Além de alterar processos e modelos de negócio, a inteligência artificial começa a modificar a organização do trabalho no campo e na agroindústria. Segundo a CEO Survey, 60% dos CEOs do agronegócio no Brasil esperam reduzir a necessidade de profissionais em início de carreira nos próximos três anos. Um terço desse grupo projeta cortes superiores a 16%. Ao mesmo tempo, 23% indicam expectativa de aumento de contratações, sobretudo em funções mais qualificadas.

Para Mayra, o movimento captado pela pesquisa aponta para uma reorganização da base da força de trabalho no setor. “As funções mais operacionais tendem a encolher, enquanto cresce a demanda por profissionais capazes de interpretar dados, tomar decisões e integrar tecnologia ao negócio”, afirmou.

Cautela Econômica e Confiança no Futuro

Todo esse processo de transformação ocorre em um cenário de maior cautela econômica. A confiança dos CEOs do agronegócio no crescimento da receita nos próximos 12 meses caiu de 48% para 38%. No horizonte de três anos, o índice recuou de 66% para 55%, acompanhando o fim do ciclo de preços elevados em grãos, açúcar e café e a reentrada de uma equação de custo mais apertada.

Em um ambiente de custos mais altos e margens mais estreitas, a inflação ocupa hoje o centro das preocupações dos CEOs do agronegócio brasileiro. Trinta e cinco por cento dos entrevistados disseram estar altamente expostos ao risco inflacionário, percentual superior ao observado tanto na média brasileira quanto na média global da pesquisa. Mudanças climáticas e instabilidade macroeconômica aparecem logo na sequência, ambas citadas por 33% dos executivos.

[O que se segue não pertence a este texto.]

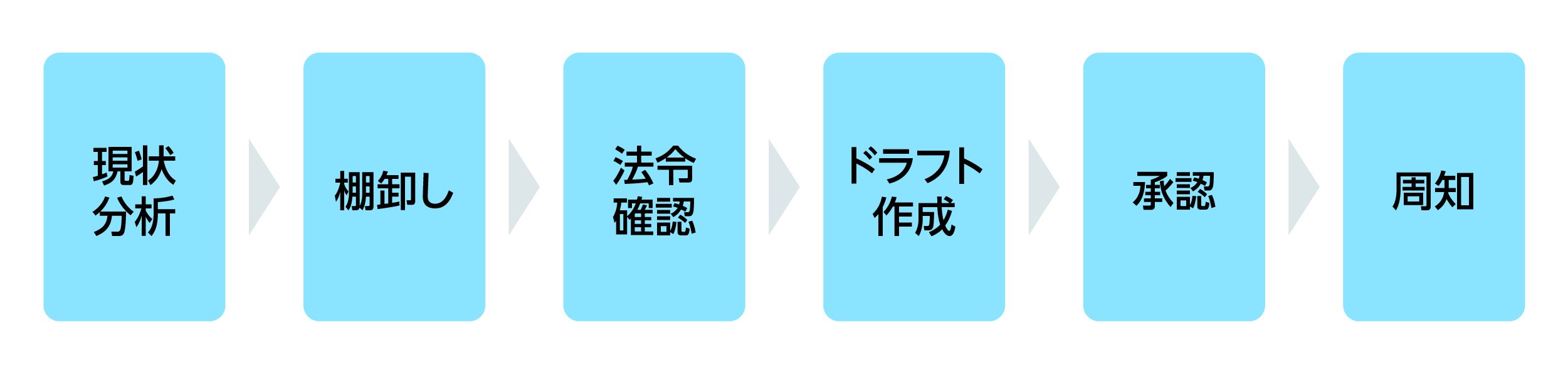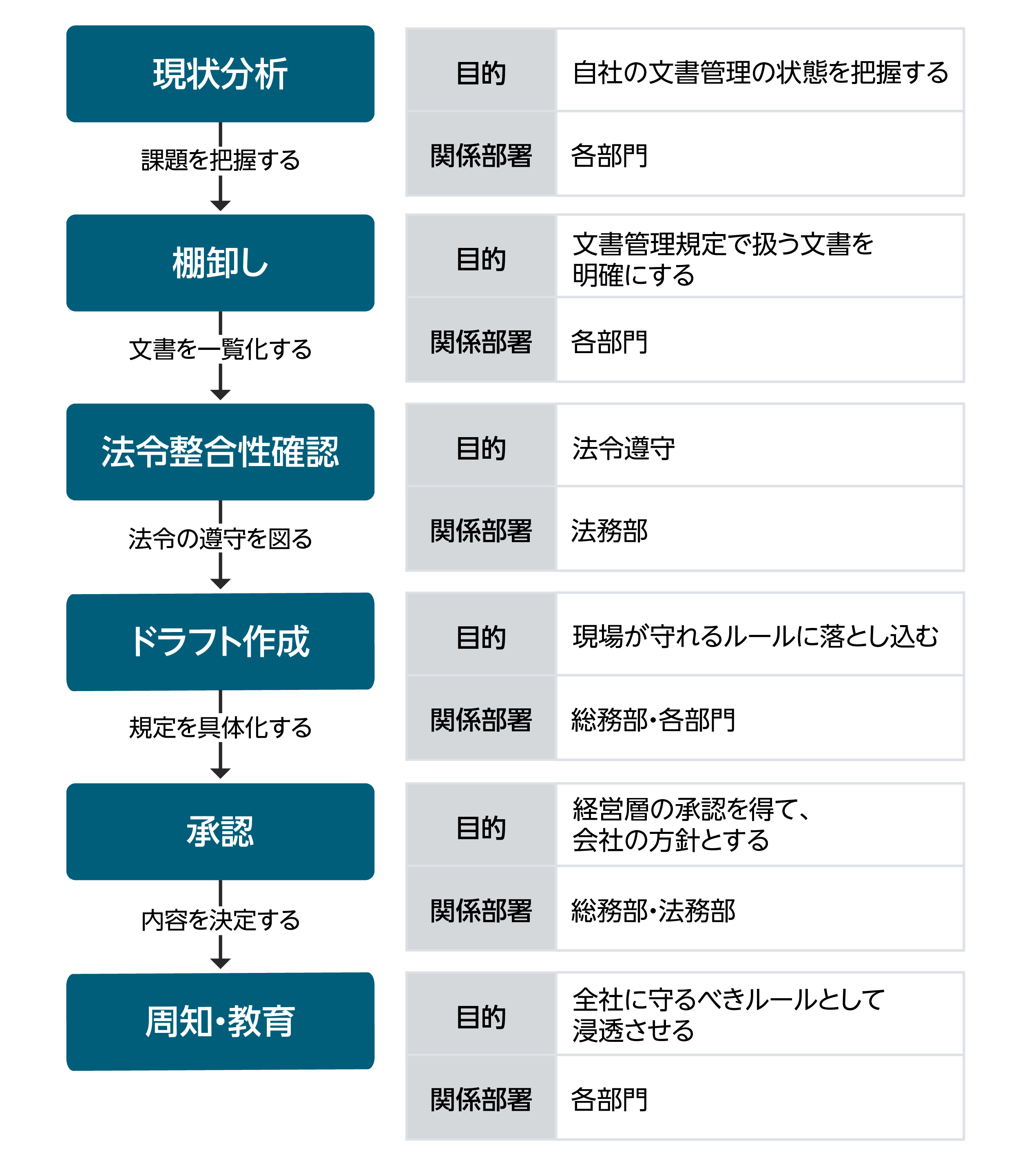 「現状分析 → 文書の棚卸し → 法令整合性の確認 → ドラフト作成とレビュー → 承認 → 社内周知・教育」という流れに沿って進めれば、誰でも導入できます。

Ao tratar dos riscos climáticos, Mayra reforçou que, no agronegócio, o clima entra diretamente na equação econômica das empresas. “Ele afeta produtividade, custo e previsibilidade. Não é uma variável acessória”, disse.

Ainda assim, mesmo em um ambiente mais tenso do ponto de vista econômico, a inovação segue posicionada no centro da estratégia do agronegócio brasileiro. Sessenta e três por cento dos CEOs do setor classificaram a inovação como componente crítico do negócio, índice superior à média global da pesquisa. A colaboração com startups, fornecedores e universidades aparece como prática recorrente, reflexo da tradição do setor em inovação aplicada.

O levantamento também mostra que a disposição para assumir risco continua limitada entre os CEOs do agronegócio. Apenas 18% afirmaram aceitar alto risco em projetos de inovação, e somente 15% das empresas contam com estruturas formais como centros de inovação ou corporate venturing. “A inovação está na estratégia, mas o desafio é sustentá-la quando o ambiente aperta”, afirmou Mayra.